Developer on Alibaba Coud: Build your first app with APIs, SDKs, and tutorials on the Alibaba Cloud. Read more ＞

In the past few days, a customer's core database has been optimized. After the SQL statements with high resource consumption are optimized, the total number of physical reads and logical reads is reduced. After the customer feedback is optimized, the performance is improved, but there are still performance problems during business peak hours in some workdays.
We compared the performance data of poor service peak periods (that is, the problem period) with the normal service peak periods (that is, the baseline period), and found some problems:

The baseline Time period is from AM to AM on January 15, 626.2. The TPS (transaction volume per second) is 46 T/s, and the total DB Time for this period is (mins)

The problem period is from AM to AM on February 20,. the TPS is: 47 T/s (only 1 T/s more than the baseline period ), the total DB Time for this period is 2361.4 (mins)

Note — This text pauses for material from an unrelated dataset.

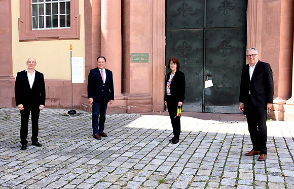 Pressebild in Zeiten des Abstandsgebots: Michael Hoerrmann, Geschäftsführerf der SSG, Bernd Müller, Amtsleiter Vermögen und Bau BW Mannheim, Staatsekretärin Gisela Splett und Mannheims OB Dr. Peter Kurz.

It is also a one-hour sampling period. The total DB Time of the problem segment is nearly four times that of the baseline. By comparing the performance view of the two, we find that the single IO latency in the problem period is very high, as follows:
Event Waits Time (s) Avg wait (MS) % DB time Wait Class
Database CPU 2,082 55.42
Db file sequential read 62,140 774 12 20.61 User I/O
Direct path read 177,440 575 3 15.31 User I/O
Log file sync 17,486 145 8 3.86 Commit
Gc cr block 2-way 98,519 30 0 0.80 Cluster

In the baseline period, the read latency of a single sequence is 12 ms, the direct read latency is 3 ms, and the write latency of a single redolog is 8 ms,

Event Waits Time (s) Avg wait (MS) % DB time Wait Class
Direct path read 180,200 4,643 26 32.77 User I/O
Db file sequential read 55,483 2,286 41 16.13 User I/O
Database CPU 1,917 13.53
Gc buffer busy acquire 5,513 1,474 267 Cluster
Log file sync 17,541 1,298 74 9.16 Commit

In the problem period, the read latency of a single sequence is 41 ms, the direct read latency is 26 ms, And the redolog write latency is 74 ms.
(The recommended normal delay for a single IO in the Oracle document should be 0-20 ms; otherwise, the hardware needs to be upgraded ),
That is, when the business volume remains unchanged compared with the baseline period, the IO efficiency decreases significantly during the problem period, it is suspected that other business systems in the same RAID group on the storage layer may have a large number of IO operations during the problem period,
This results in a large IO latency for the system we are optimizing. Confirm with the customer's storage staff that this is indeed the case, the storage staff did not make a reasonable plan for the storage in combination with the database, just from the capacity management for their work convenience, divided and allocated LUN. This leads to performance problems. I think this problem exists in many enterprises. Poor cross-Department communication leads to no overall planning. In the end, DB will pay for the problem.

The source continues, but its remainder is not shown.